MS TUCKER (continuing):

Plastic bags are a small proportion of the total waste stream by volume or weight, but they are a particular nuisance waste. The HDPE plastic bags are non-biodegradable. Their light weight means that they are easily blown away, thus adding to litter problems. They are a particular problem in coastal areas and in our waterways, as bags floating in water can trap birds and animals. Some sea animals eat plastic bags, because they mistake them for jellyfish, and die of intestinal blockage.

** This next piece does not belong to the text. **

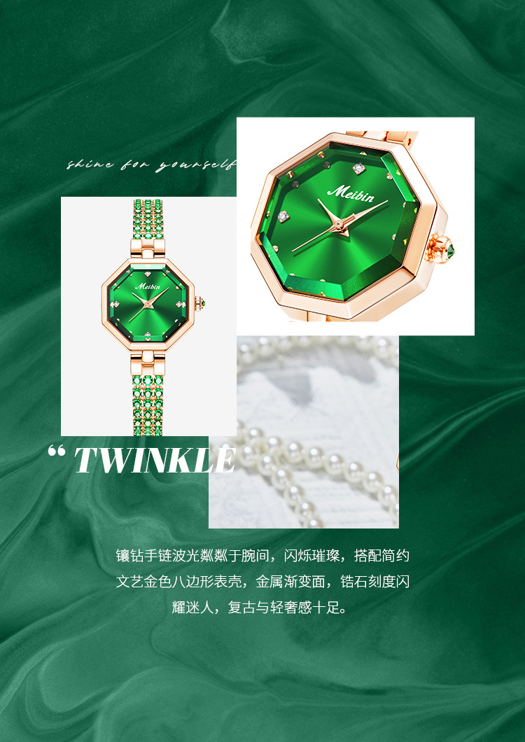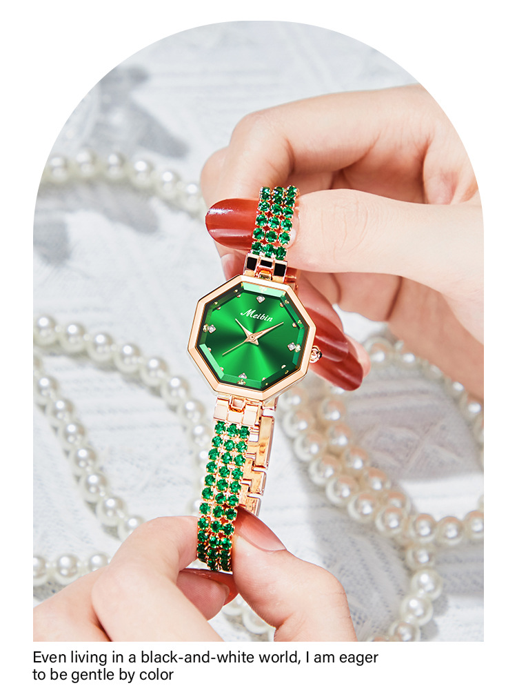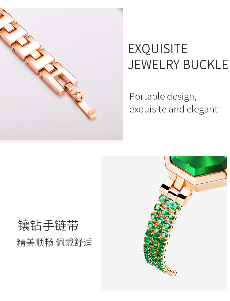 Đồng hồ nữ có dây đeo làm từ chất liệu giống trang sức, kết hợp cùng dây vòng tay thời trang. Mặt số được thiết kế theo hình tám cạnh độc đáo, tạo điểm nhấn ấn tượng. Sản phẩm sử dụng bộ máy pin với kim chỉ thời gian chính xác. Khóa đeo được tạo hình tinh xảo như một món trang sức nhỏ. Bạn chỉ cần đeo nó lên tay và cài khóa là có thể sử dụng ngay. | Tên sản phẩm: Trang Sức Phụ Kiện Nữ Lắc Tay Vòng Tay Máy Pin, Máy Thạch Anh - Đồng Hồ Phụ Kiện Nữ | Mã sản phẩm: G4210 - Giá: 970.000đ | Mã nhà sản xuất: ZHDTC-G03Hình ảnh sản phẩm

This Bill takes one small step in the ACT towards dealing with this national problem. It requires retail businesses to charge their customers directly for any plastic shopping bags they provide for the purpose of carrying items from the store once sold, at a price that is not less than the cost paid by the business to buy the bag. At present, shoppers are given plastic carry bags free whenever they buy something in a shop. But, of course, the bags are not free. The retailer has to buy these bags from a bag supplier, but then this cost is spread as an overhead across all products in the shop, just like rental costs, employees' wages and administrative expenses. Shoppers are still paying for these bags through the goods they buy, but the cost of the bag is hidden. The cost to the environment of the bags cannot even be quantified, yet it is very real.

There is thus no incentive for shoppers to refuse a bag. Anyone who goes to the trouble of bringing their own carry bag is still having to pay for the shopping bags of others through the cost of the products they buy. There is no way they can refuse the cost of the bag. This Bill, however, will give them a way. It turns the tables so that a person doing the right thing by reducing the number of bags they use will actually save money by not having to pay directly for the shop's bags.

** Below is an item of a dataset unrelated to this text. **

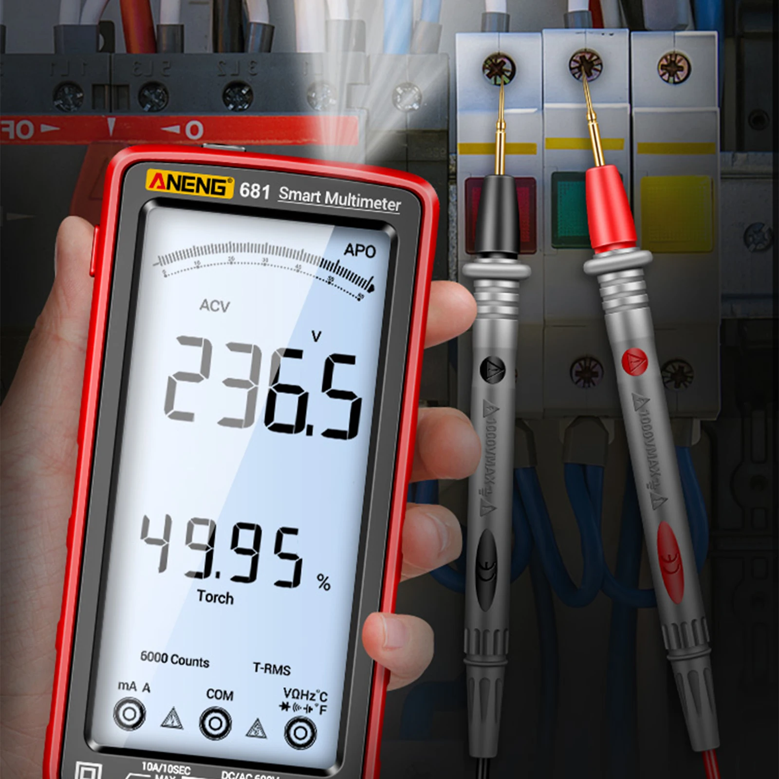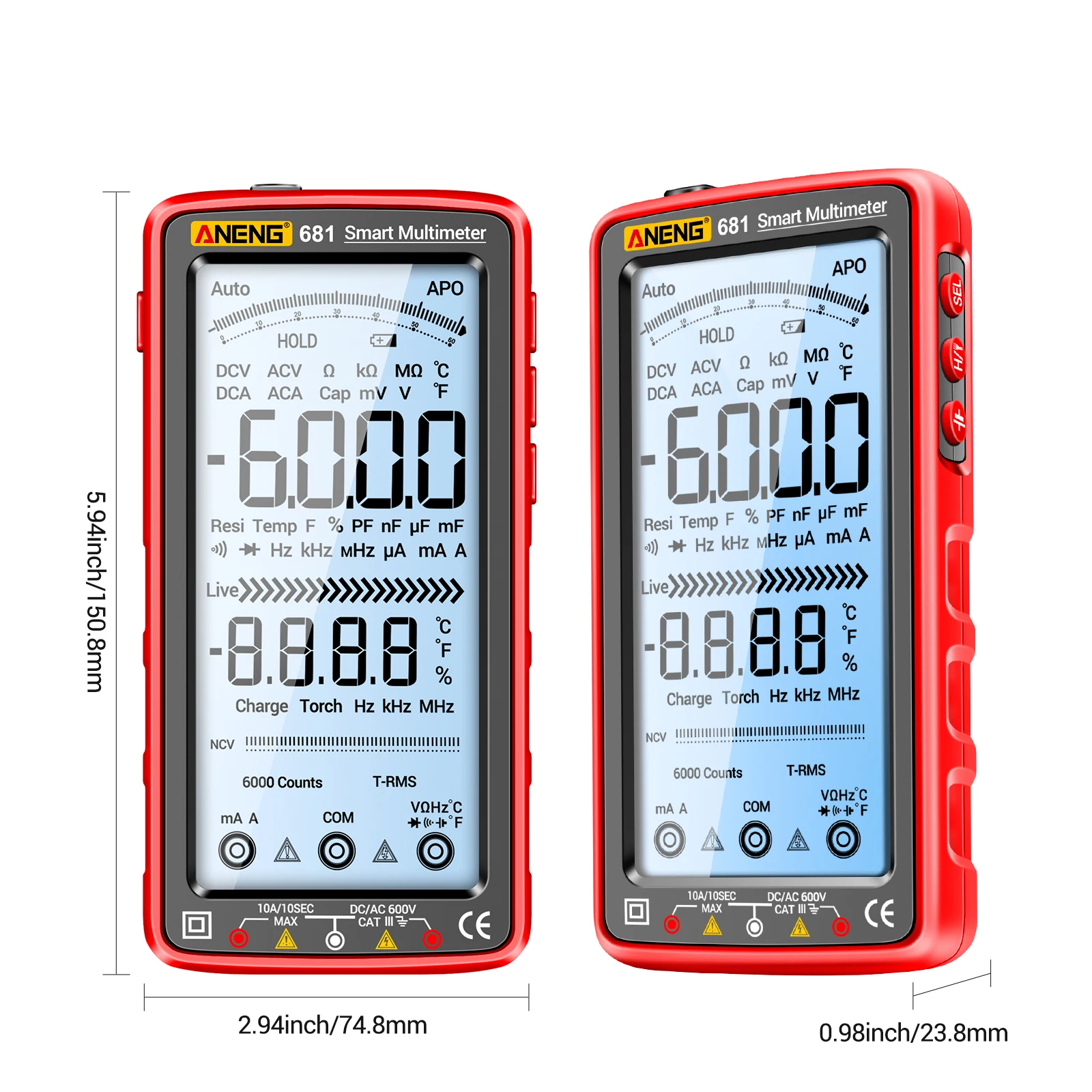 Touch Screen & LCD VA Color Reverse Display: smart sensor touch screen, easy to operate. VA color reverse display and 6000 counts max. display, with data hold function, clear to read the measured value at various working environments.

Those people who still choose to take the shop's bags will not be paying any more than what they currently are paying for plastic bags, except for some possible rounding up of the cost of the bag, as currently occurs with any goods bought. The cost of the bag will also be a specific item in their bill rather than being a hidden cost. The Bill does not impose any levies or additional charges on plastic bags, and no revenue is collected by the Government. I admit that this was our original idea when we publicly floated this proposal over a year ago, but the levy idea had to be abandoned because the legal advice we received indicated that a levy could be interpreted as a sales tax, which States and Territories cannot impose under the Constitution.

There are no additional costs to retailers, apart from the slight effort of ringing up an extra item for plastic bags on their cash registers and putting up signs telling customers what the charges for bags will be. We have not set a specific price for the bags, provided the price is at least the cost at which the retailer bought the bags from the supplier. Some people have argued that shops could actually exploit this Bill because they would now be charging directly for bags yet they may choose to keep the price of their products the same as before, when they incorporated the cost of bags as an overhead. This may be the case, but the prices of goods tend to fluctuate anyway across shops and at different times of the year because of the nature of the free market. This type of problem certainly has not stopped John Howard in his plans to remove sales tax on various goods.